Led by Shure, the wireless microphone industry spent the summer protesting the use of white spaces devices designed to deliver unlicensed broadband and other advanced wireless services, claiming the unlicensed use of the spectrum would cause interference on wireless microphones. Google, Microsoft, Motorola and other tech companies claim spectrum-sensing technology will eliminate any interference issues in the 700 MHz spectrum. Turns out, most wireless microphone users are illegally using the spectrum in the first place. The Federal Communications Commission now wants them gone from the 700 MHz spectrum.
So much for the wireless microphone industry's complaints about possible interference from white spaces devices: the FCC (Federal Communications Commission) is considering kicking all wireless microphones from the 700 MHz spectrum. Turns out, many of the wireless microphones are illegally operating in the spectrum in the first place.
Throughout the summer the wireless mic industry, led by Shure, Inc., has agitated against sharing its 700 MHz spectrum with the proposed white spaces devices that would exploit the interference buffer zones between television channels to deliver unlicensed wireless broadband and other advanced wireless services. The FCC is in the process of testing the white spaces devices for possible interference.
Google, Microsoft, Motorola and other tech companies want to move into the interference space after television broadcasters vacate the spectrum in February as part of the digital TV transition. Sports organizations like the NFL and MLB
, along with show business operations, churches and nightclubs that use wireless microphones, maintain that the unlicensed use of white spaces will cause interference with the use their wireless microphones.
But on Aug. 21, the FCC ordered a freeze on the on the granting of any equipment authorization requests for wireless microphones that would operate in any of the 700 MHz Band frequencies.
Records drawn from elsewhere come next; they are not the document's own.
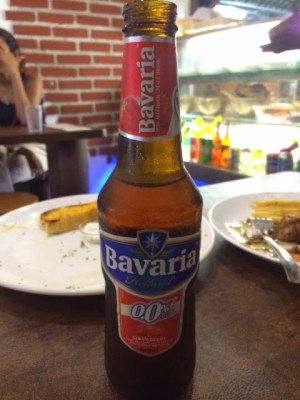 ここでドイツの黒ビールでもあれば最高なのだけれど、このお店にはアルコールは置いていない。お酒を売れるようにアルコール販売のライセンスを取って欲しい物だが、もしかしたらアルコール販売が許されるエリアではないのかもしれない。代わりに飲んだのはこれ。ストロベリーとピーチ味があるらしい。これはこれで美味しかった。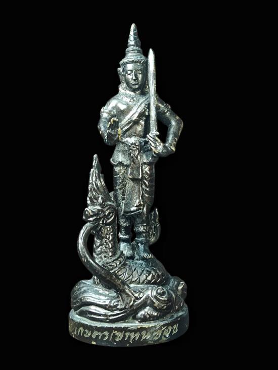 พระพิรุณทรงนาคจำลอง เกษตรเขาหินซ้อน จัดสร้างปี 2547 เนื้อโลหะ ขนาดบูชาสูง 4 นิ้ว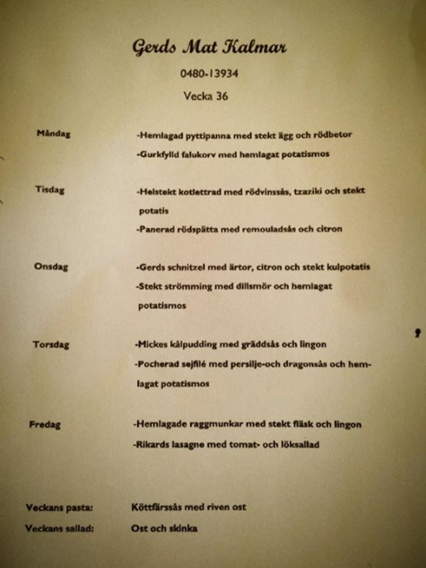 Restaurangkartan Se Gerds Mat Meny For Vecka 36 Varmt Valkomna Till Polhemsgatan 15 Kalmar Emmabodavagen 9 Nybro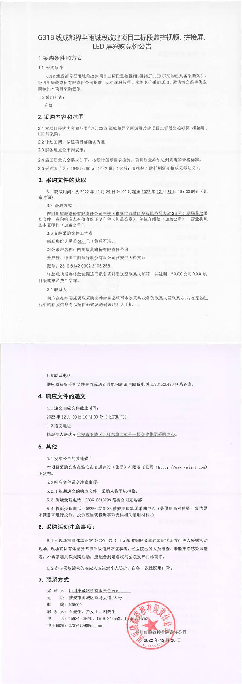 四川康藏路橋有限責(zé)任公司G318線成都界至雨城段改建項(xiàng)目二標(biāo)段監(jiān)控視頻、拼接屏、LED屏采購競價(jià)公告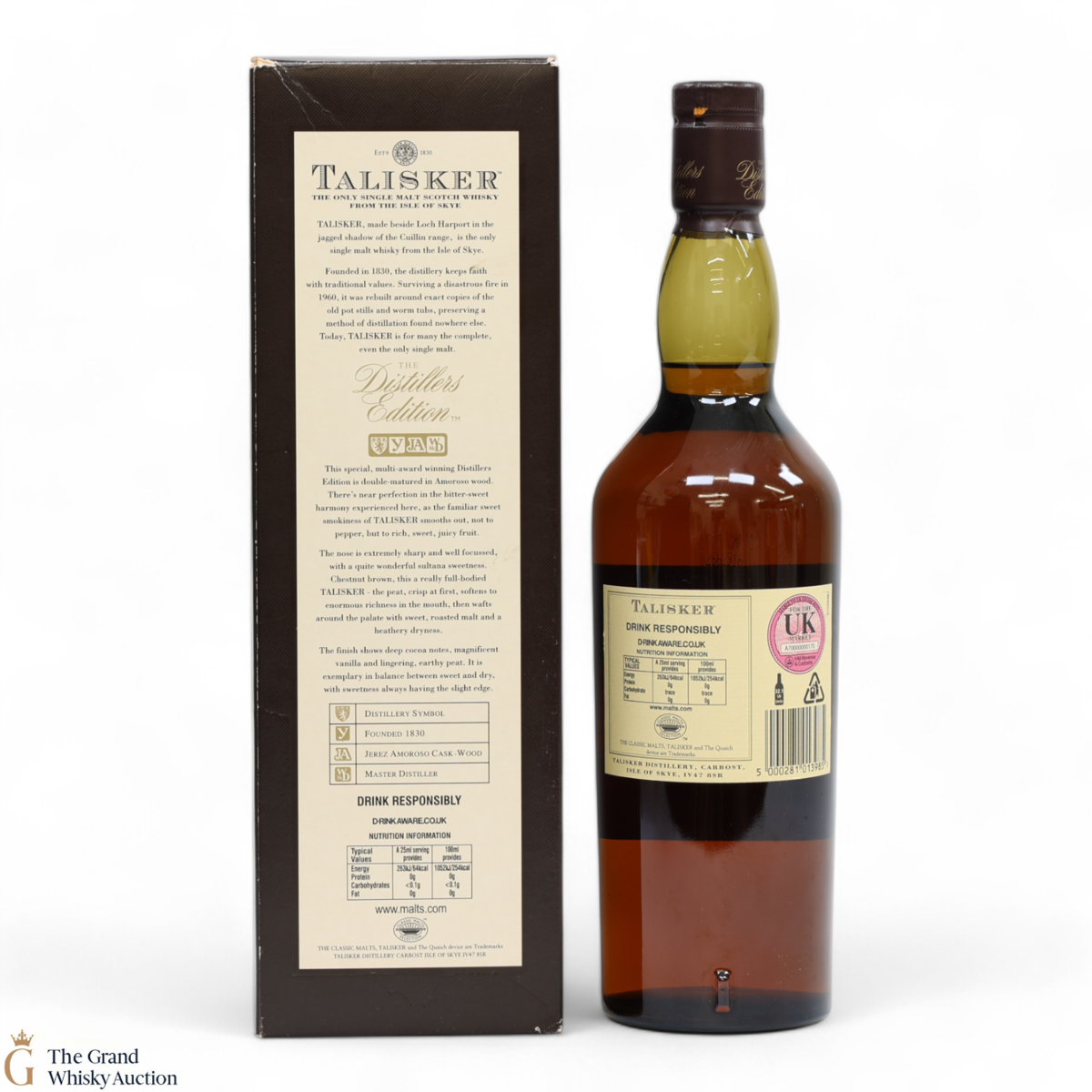 The Distillers Edition is a special release from Talisker, the single malt was double matured with a finishing period in a sweet amoroso cask-wood.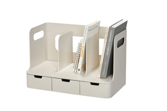 Sysmax | Olio Book Rack with 3 Compartments | 3 Drawers | Organiser| Beige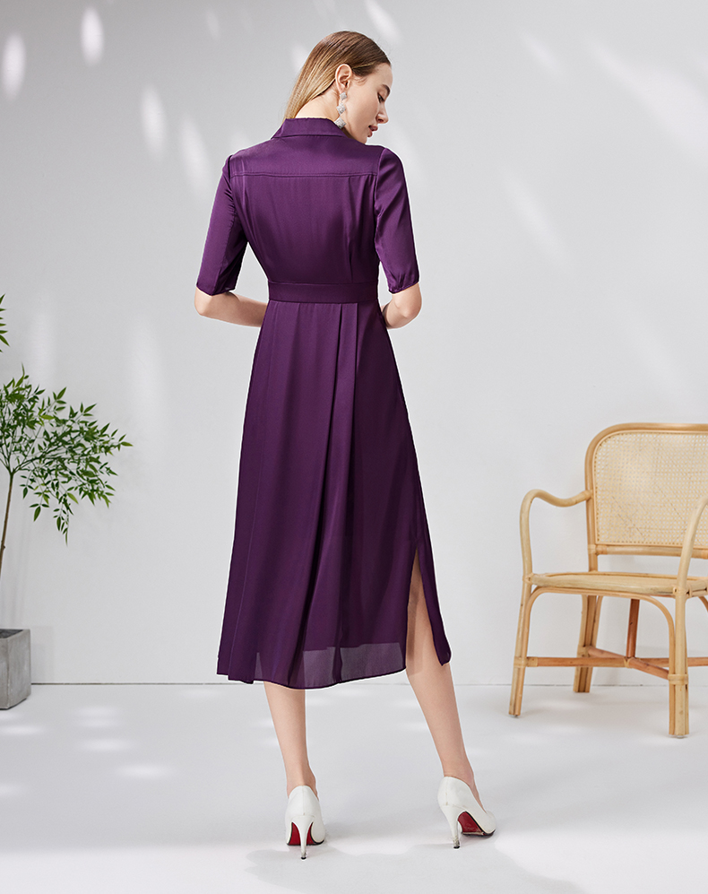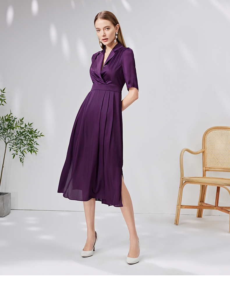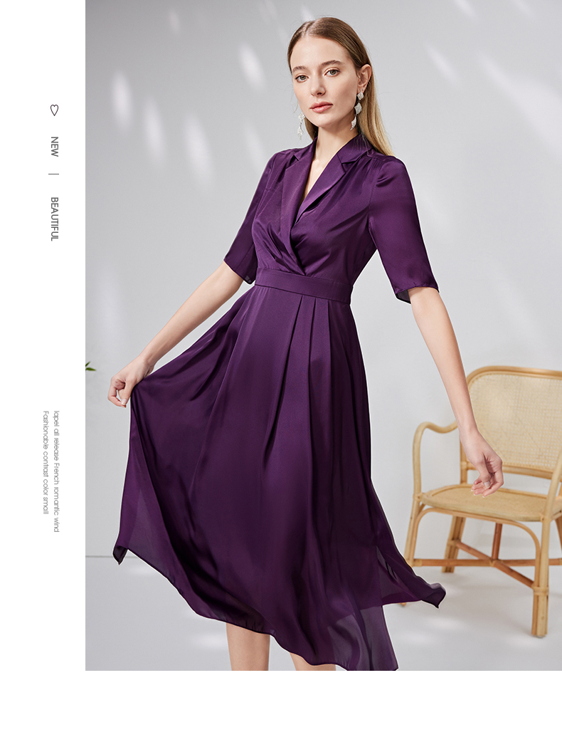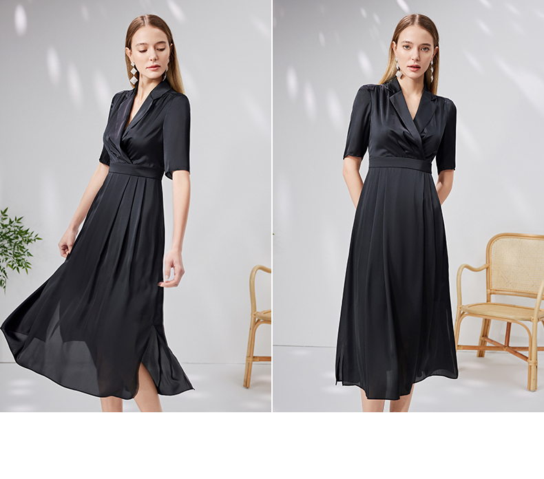 EITIE爱特爱气质中袖西装领收腰连衣裙垂坠高级通勤夏新款B07136

In addition, the FCC is considering a ban on any wireless microphones operating in the space.
"These actions would ensure that low power auxiliary operations do not cause harmful interference to new public safety and commercial wireless services in the band," the FCC order stated.
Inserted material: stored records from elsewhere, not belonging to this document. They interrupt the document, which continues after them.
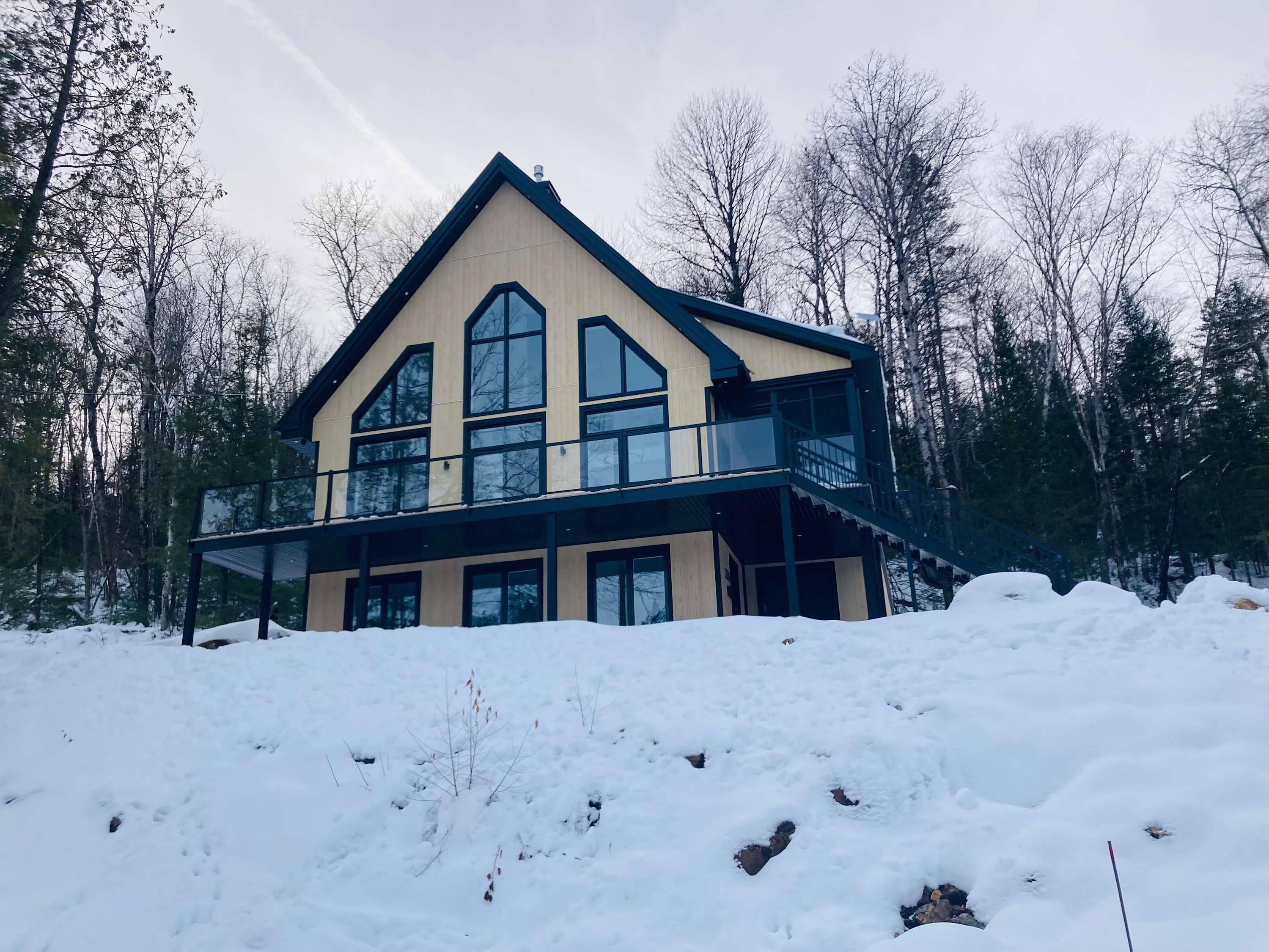 Bienvenue dans ce superbe chalet neuf, ayant un accès à la rivière. Entouré par une beauté naturelle à couper le souffle, cet havre de paix offre une retraite parfaite.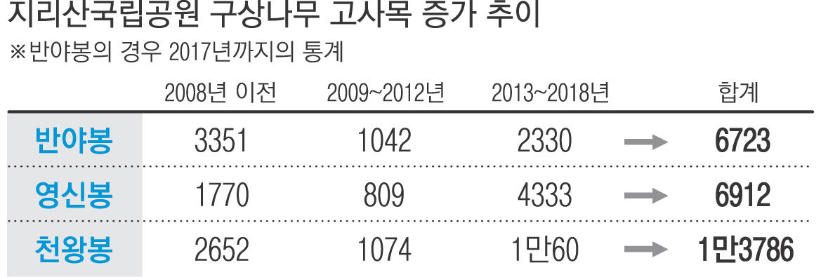 2. 사철 검푸르던 지리산의 ‘회색 탈모’…그 자리를 활엽수들이 차지 (2020.06.29)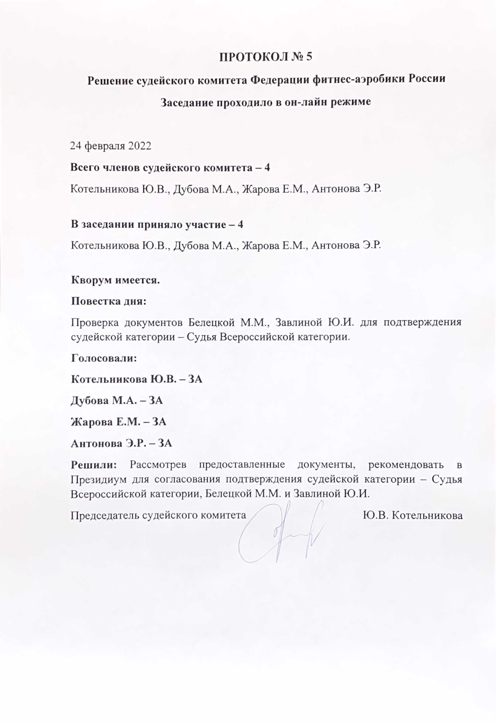 Решение Президиума №90 - о присвоении всероссийской категории Белецкой М.М. и Завлиной Ю.И.

According to FCC rules, wireless microphones are permitted in the 700 MHz spectrum for broadcast applications only and must be licensed, but over the years a number of unlicensed wireless microphones have been operating in the space. The FCC's lack of enforcement of the rules prompted the Public Interest Spectrum Coalition to file an informal complaint with the agency last month. PISC members include the Media Access Project, Consumer Federation of America, Consumers Union, Free Press, New America Foundation and Public Knowledge.
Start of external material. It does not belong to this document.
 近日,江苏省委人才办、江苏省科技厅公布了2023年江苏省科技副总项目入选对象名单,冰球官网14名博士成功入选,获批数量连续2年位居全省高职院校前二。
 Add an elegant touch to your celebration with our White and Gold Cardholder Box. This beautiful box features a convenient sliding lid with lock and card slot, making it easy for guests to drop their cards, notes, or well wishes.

The complaint contends "somewhere between 500,000 and 1 million unauthorized wireless microphone systems" operate in the 700 MHz band. The PISC complaint specifically targets Shure and other manufacturers of wireless microphones.
"Shure and others have engaged in extensive marketing to churches, theater groups, business centers, and other unauthorized users. In violation of FCC rules, manufacturers persuaded unauthorized users to buy expensive wireless microphones that manufacturers had no right to sell and the public has no right to use," PISC complains. "Shure and the other manufacturers have relied on the widespread use of wireless microphones to shield them from any enforcement action -- despite the risk of harmful interference with new public safety systems."
PISC wants the FCC to grant a general amnesty to unauthorized users, who the coalition claims are victims of Shure and other manufacturers' illegal marketing practices. PISC also wants licensed microphone users such as ESPN and the NFL to accept "secondary status" in the band to public safety.
"Failure to act on this complaint and Petition
will expose public safety users and subscribers to commercial wireless services to the risk of harmful interference, threaten the public safety and undermine the expected digital dividend from the recent 700 MHz auction," the PISC complaint states.
Shure did not return a request for comment.